* **EXERCISE**
From first line to last, give the records again word for word and omit the pictures.

Items from a dataset
--- START ---

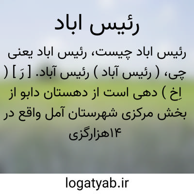 ( رئیس آباد ) رئیس آباد. [ رَ ] ( اِخ ) دهی است از دهستان دابو از بخش مرکزی شهرستان آمل واقع در 14هزارگزی شمال خاوری آمل. سکنه آن 159 تن. آب رئیس آباد از رودخانه هراز تأمین میشود و محصول عمده آن برنج و صیفی است. ( از فرهنگ جغرافیایی ایران ج 3 ).
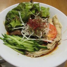 国道18号線沿いの軽井沢町役場向かいにあります。地元の人気店で昼時は駐車場がいっぱいになります。中軽井沢観光の昼食に利用しました。ラーメンやチャーハン各種、夜の一品料理など色々あります。今夜の宿の夕食に備えて麺を大盛にしないで注文しました。鶏そばと麻婆冷し中華を花山椒油にしました。麻婆冷し中華は麺が見えないくらい野菜やメンマ、干しシイタケの甘辛煮などがたっぷりのっていました。辛いもの好きの自分に調度いい辛さで美味しかったです。連れが頼んだ鶏そばはあっさりすっきりした塩味スープで細麺を美味しそうに食べていました。また食べに来たい店です。
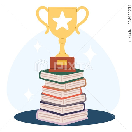 Golden trophy cup stands on stack of books. Representing acquisition of knowledge for success and victory. Education achievement. Literature contest. Award on textbooks. Vector concept
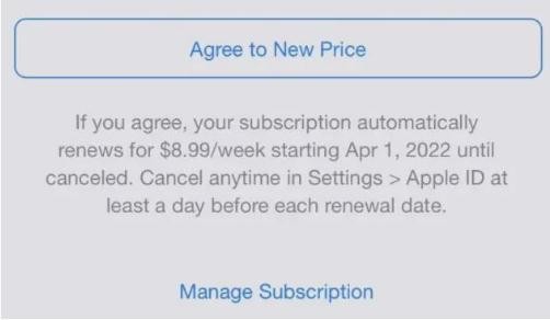 援引科技媒體 TechCrunch 報道,蘋(píng)果似乎正在測試一項新功能,允許開(kāi)發(fā)者在訂閱價(jià)格上調后自動(dòng)向用戶(hù)收費。當前,當訂閱費用上調的時(shí)候,蘋(píng)果要求需要獲得用戶(hù)的明確同意。如果客戶(hù)不點(diǎn)擊呈現的“同意新價(jià)格”按鈕,他們的訂閱會(huì )被自動(dòng)取消。
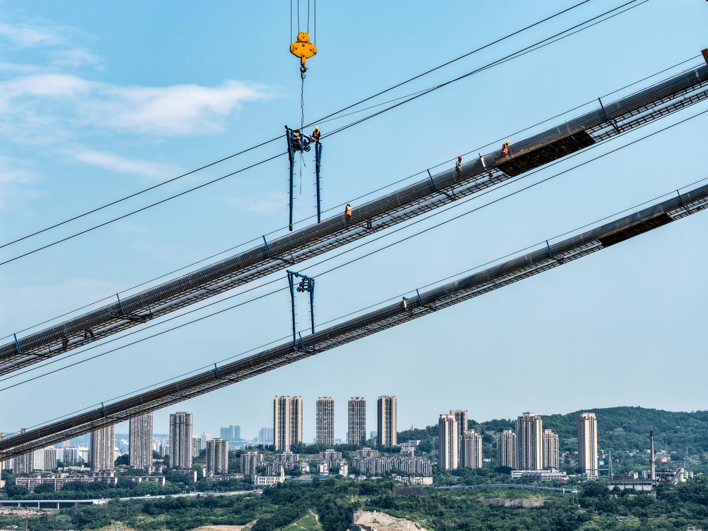 自5月31日大桥基准索股牵引过江以来,仅用时两个月便完成了主缆全部338根索股的架设工作。在重庆的连续高温天气下,施工团队通过智能化测温设备,实时监测主缆应力及温度变化,并据此调整施工参数,有效减少因温度差异引起的受力不均问题,确保主缆在架设过程中保持良好的应力状态,为大桥的安全稳固奠定了坚实基础。
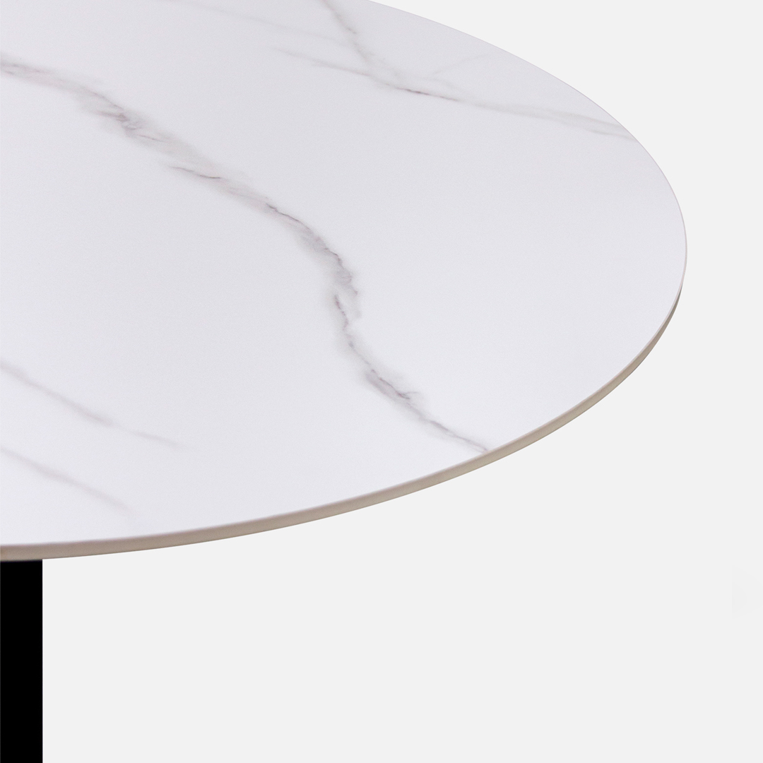 The MASCA round dining table is a testament to space-savvy elegance. Crafted from aluminum and adorned with a stunning white sintered stone top, Sintered stone tables offer great heat protection and cold resistance, allowing you to directly place hot cups of tea or coffee onto their surface without causing any long-lasting damage. It is also stain and scratch-resistant, making it easy to clean and upkeep while still remaining aesthetically pleasing.
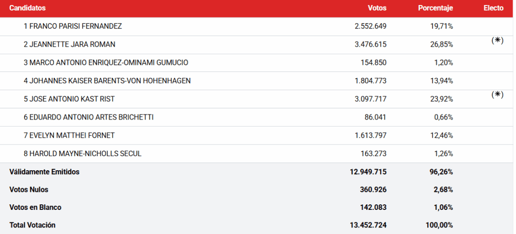 Jeannette Jara obtuvo el 26.85% de los votos, equivalente a 3 millones 476 mil 615, siendo 29 mil 761 de estos votos obtenidos del extranjero. Por su parte, José Antonio Kast alcanzó los 3 millones 97 mil 717 votos, equivalente al 23.92%, y de los cuales 10 mil 754 fueron del extranjero. Al no alcanzar ninguno la mayoría absoluta, se enfrentarán en la segunda vuelta el próximo domingo 14 de diciembre.
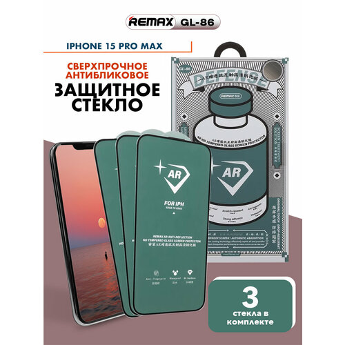 3 шт. REMAX GL-86 для iPhone 15 Pro Max, антибликовое стекло для Айфон 15 Про Макс
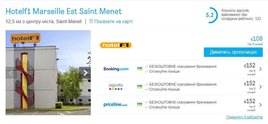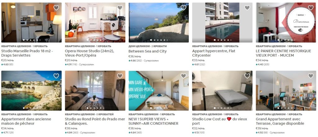 Приклади бронювання житла на Марселі на період 19.11.2019 — 24.11.2019, 5 ночей:
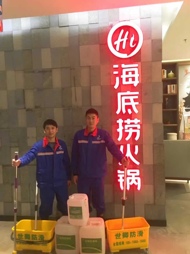 中國(guó)餐飲龍頭企業(yè)海底撈西安經(jīng)開店,經(jīng)過(guò)世卿專業(yè)施工團(tuán)隊(duì)的防滑處理,于2017.12.31順利完工,新的一年,將為客戶送去全新的安全保障,2018 我們來(lái)了。
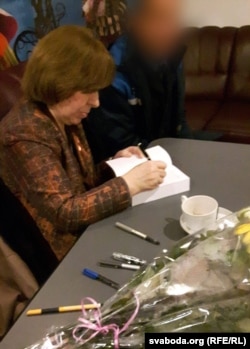 Сьвятлана падпісвае кнігі, быццам у чарзе ня сотні людзей, а адзін.
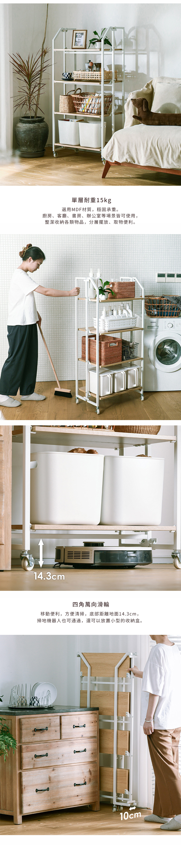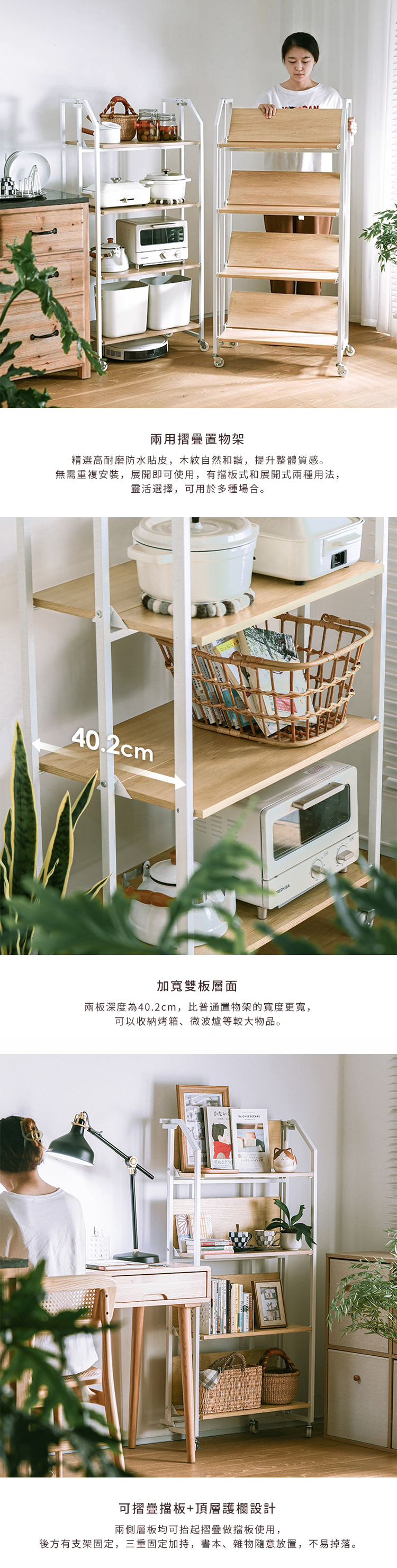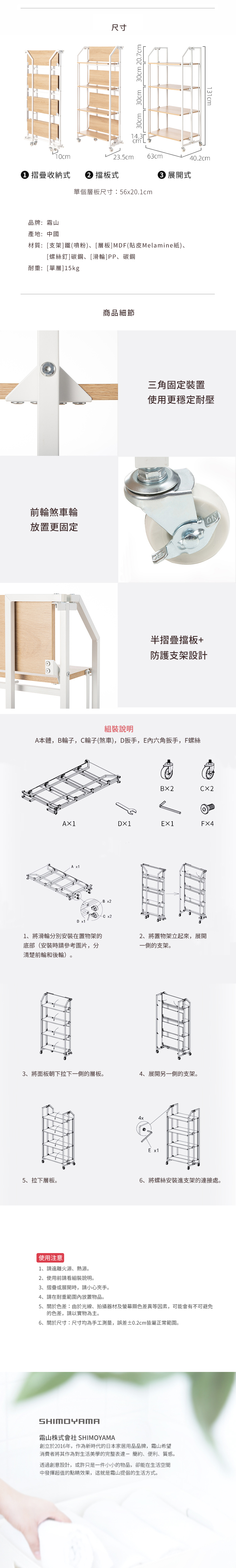尺寸:[展開]寬63x深40.2x(含滑輪)高131cm、[摺疊]長63x寬10x(含滑輪)高131cm、[層板]寬56x深20.1cm

--- END ---

* **PROBLEM SOLUTION**
 ( رئیس آباد ) رئیس آباد. [ رَ ] ( اِخ ) دهی است از دهستان دابو از بخش مرکزی شهرستان آمل واقع در 14هزارگزی شمال خاوری آمل. سکنه آن 159 تن. آب رئیس آباد از رودخانه هراز تأمین میشود و محصول عمده آن برنج و صیفی است. ( از فرهنگ جغرافیایی ایران ج 3 ).
 国道18号線沿いの軽井沢町役場向かいにあります。地元の人気店で昼時は駐車場がいっぱいになります。中軽井沢観光の昼食に利用しました。ラーメンやチャーハン各種、夜の一品料理など色々あります。今夜の宿の夕食に備えて麺を大盛にしないで注文しました。鶏そばと麻婆冷し中華を花山椒油にしました。麻婆冷し中華は麺が見えないくらい野菜やメンマ、干しシイタケの甘辛煮などがたっぷりのっていました。辛いもの好きの自分に調度いい辛さで美味しかったです。連れが頼んだ鶏そばはあっさりすっきりした塩味スープで細麺を美味しそうに食べていました。また食べに来たい店です。
 Golden trophy cup stands on stack of books. Representing acquisition of knowledge for success and victory. Education achievement. Literature contest. Award on textbooks. Vector concept
 援引科技媒體 TechCrunch 報道,蘋(píng)果似乎正在測試一項新功能,允許開(kāi)發(fā)者在訂閱價(jià)格上調后自動(dòng)向用戶(hù)收費。當前,當訂閱費用上調的時(shí)候,蘋(píng)果要求需要獲得用戶(hù)的明確同意。如果客戶(hù)不點(diǎn)擊呈現的“同意新價(jià)格”按鈕,他們的訂閱會(huì )被自動(dòng)取消。
 自5月31日大桥基准索股牵引过江以来,仅用时两个月便完成了主缆全部338根索股的架设工作。在重庆的连续高温天气下,施工团队通过智能化测温设备,实时监测主缆应力及温度变化,并据此调整施工参数,有效减少因温度差异引起的受力不均问题,确保主缆在架设过程中保持良好的应力状态,为大桥的安全稳固奠定了坚实基础。
 The MASCA round dining table is a testament to space-savvy elegance. Crafted from aluminum and adorned with a stunning white sintered stone top, Sintered stone tables offer great heat protection and cold resistance, allowing you to directly place hot cups of tea or coffee onto their surface without causing any long-lasting damage. It is also stain and scratch-resistant, making it easy to clean and upkeep while still remaining aesthetically pleasing.
 Jeannette Jara obtuvo el 26.85% de los votos, equivalente a 3 millones 476 mil 615, siendo 29 mil 761 de estos votos obtenidos del extranjero. Por su parte, José Antonio Kast alcanzó los 3 millones 97 mil 717 votos, equivalente al 23.92%, y de los cuales 10 mil 754 fueron del extranjero. Al no alcanzar ninguno la mayoría absoluta, se enfrentarán en la segunda vuelta el próximo domingo 14 de diciembre.
 3 шт. REMAX GL-86 для iPhone 15 Pro Max, антибликовое стекло для Айфон 15 Про Макс
 Приклади бронювання житла на Марселі на період 19.11.2019 — 24.11.2019, 5 ночей:
 中國(guó)餐飲龍頭企業(yè)海底撈西安經(jīng)開店,經(jīng)過(guò)世卿專業(yè)施工團(tuán)隊(duì)的防滑處理,于2017.12.31順利完工,新的一年,將為客戶送去全新的安全保障,2018 我們來(lái)了。
 Сьвятлана падпісвае кнігі, быццам у чарзе ня сотні людзей, а адзін.
尺寸:[展開]寬63x深40.2x(含滑輪)高131cm、[摺疊]長63x寬10x(含滑輪)高131cm、[層板]寬56x深20.1cm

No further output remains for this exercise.